By The Time They Get To You

Eight years ago, my teaching mentor described the teacher’s role in the classroom as an intervening presence.

How strange! How powerful! How wonderful!

The phrase resonated so deeply with me as I understood it then. In other words, the student meets a professor, and the professor somehow, in some way, intervenes so as to alter a course of events in that student. 

It was true. I could list every teacher I ever had and tell you exactly how they changed me. Mrs. Mayo picked my essay as the winner for Arbor Day, and I became a writer that day. Mrs. Guiles intervened and told me the difference between a weak verb and a strong one, and I became a grammarian that day. Mr. Outka used the word “sublime” in class, and that day, I became a Romanticist. I could go on. I could go on and on and on about the people God used on my path to intervene–to change my direction–forever.

I also had people intervene on my path to warn, to rebuke, and to rescue.

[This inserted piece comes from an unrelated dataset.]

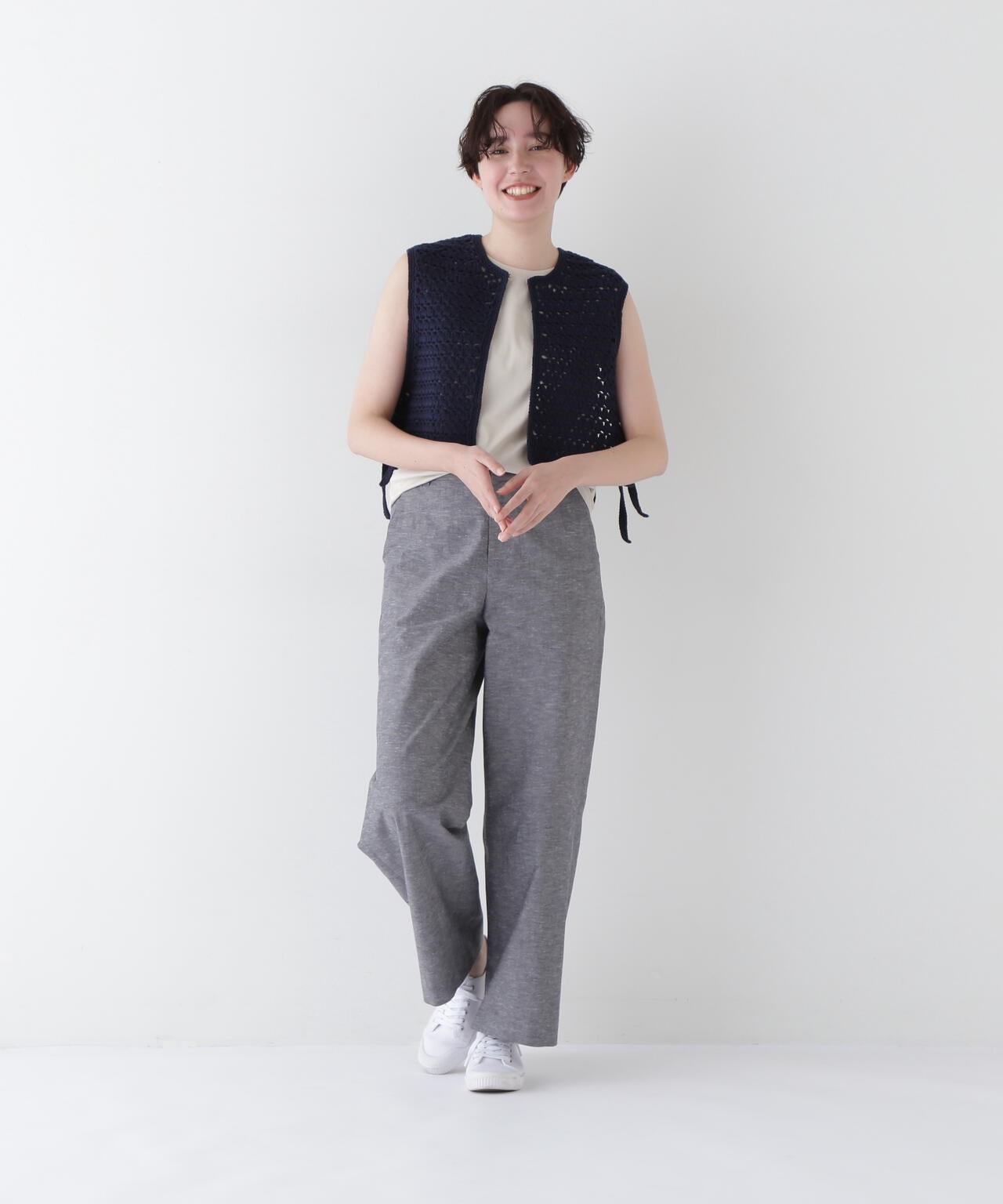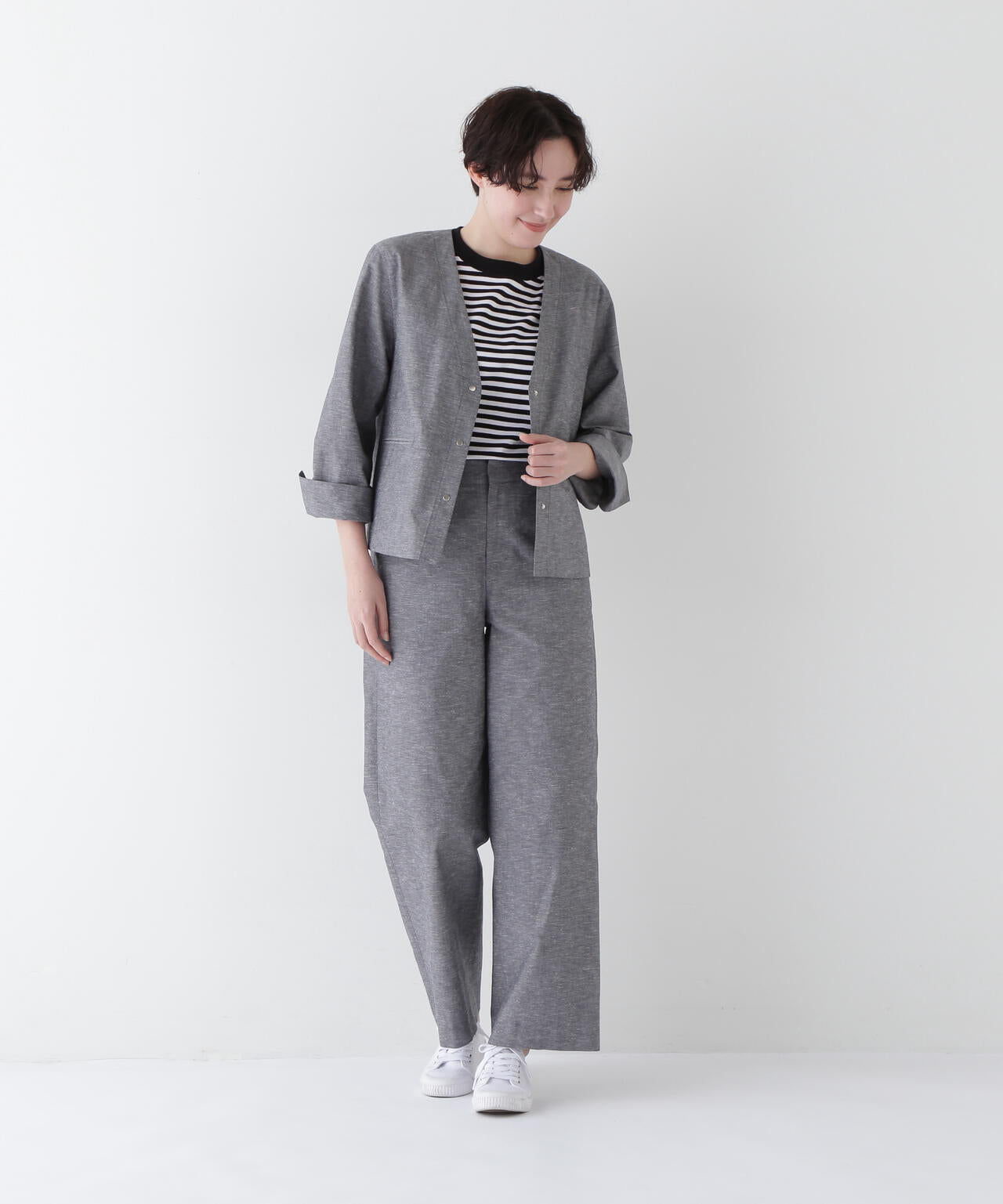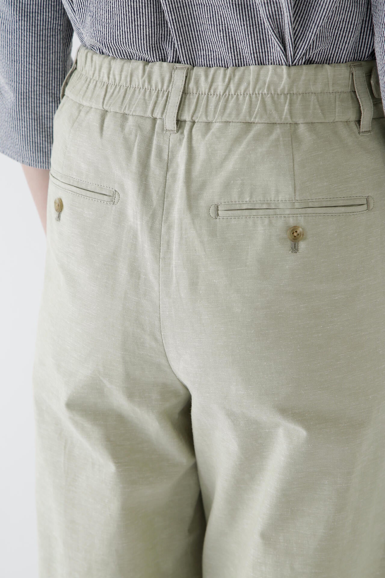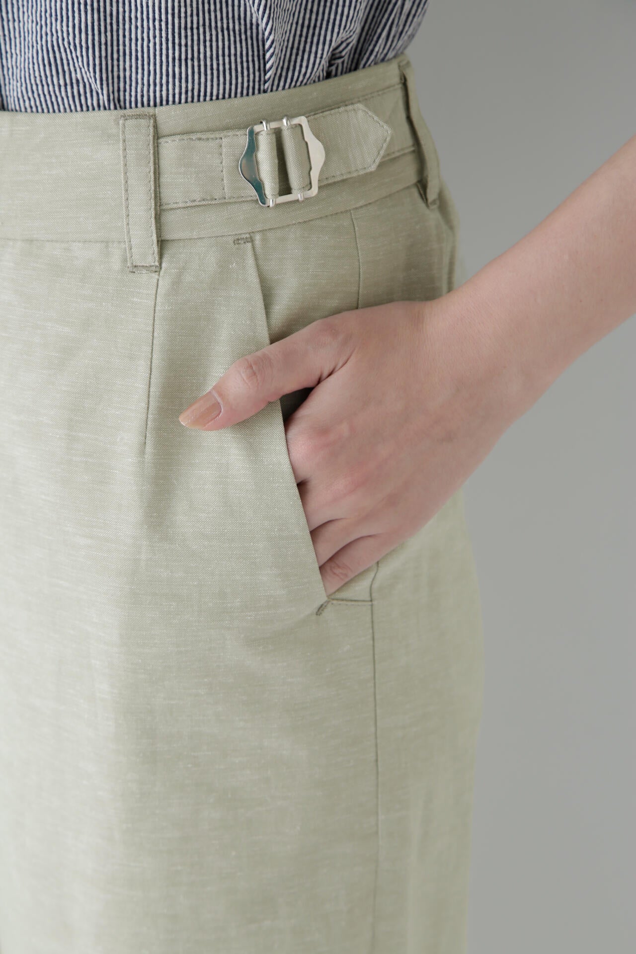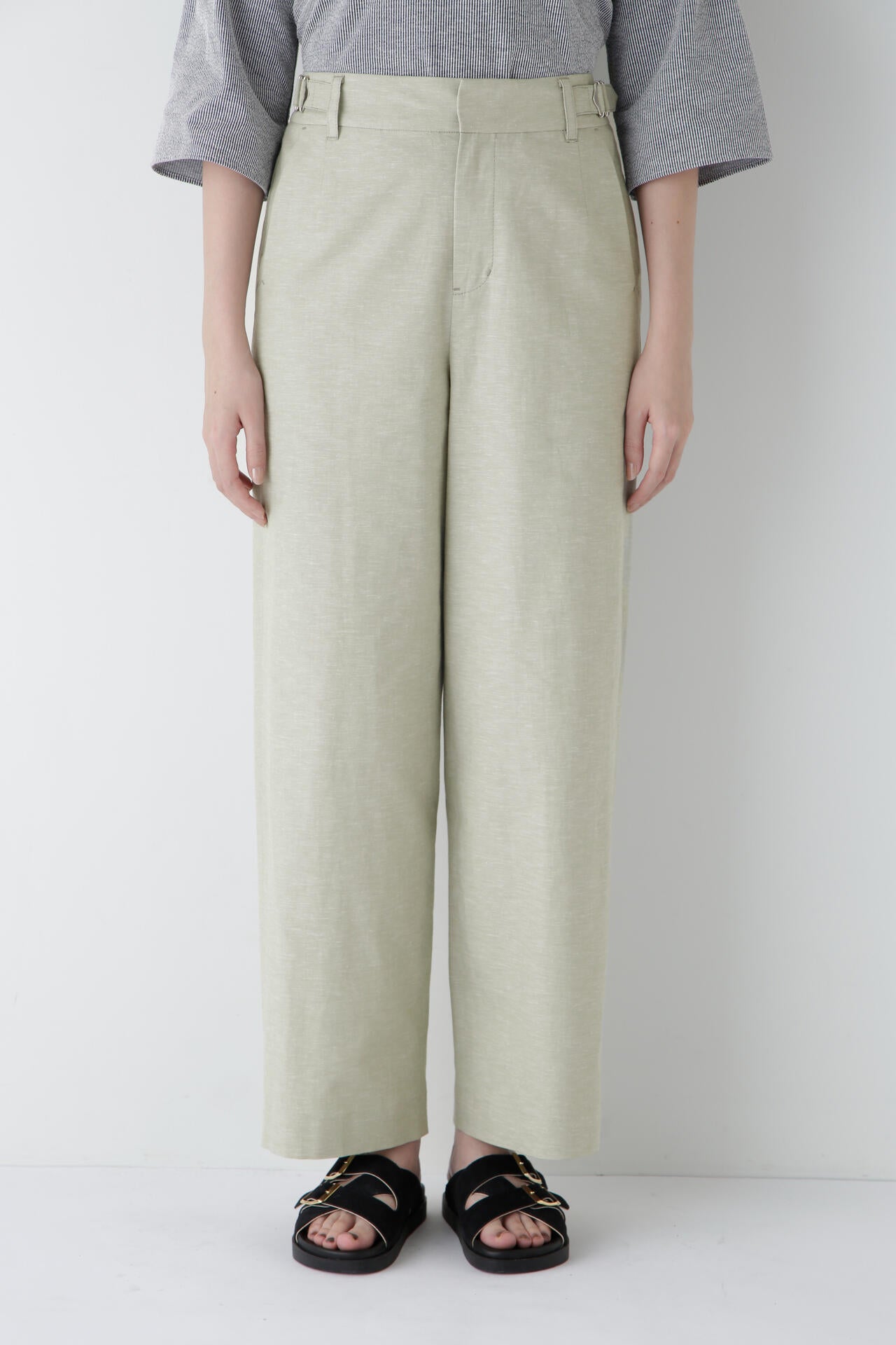 綿麻シャンブレーセミワイドパンツ

And now here I am, older on the path as the younger folks arrive. We meet. What does our interaction do for this person? Does it alter any course of events for good? Does it motivate, encourage, inspire, warn, bless, instruct? Am I truly here to intervene? Perhaps! Oh, perhaps!

By the time they get to me–and I to them–the weight of our whole lives presents itself, and we interact. Something changes, and I pray this intervening presence has brought beauty, meaning, joy, hope, and truth. When I see myself as a potential intervening presence (because God orchestrates all things, including students and meeting neighbors on the path), I take more seriously my attention to others, my words, and my ability to encourage or warn.

Perhaps you and I are intervening presences today. Oh, perhaps!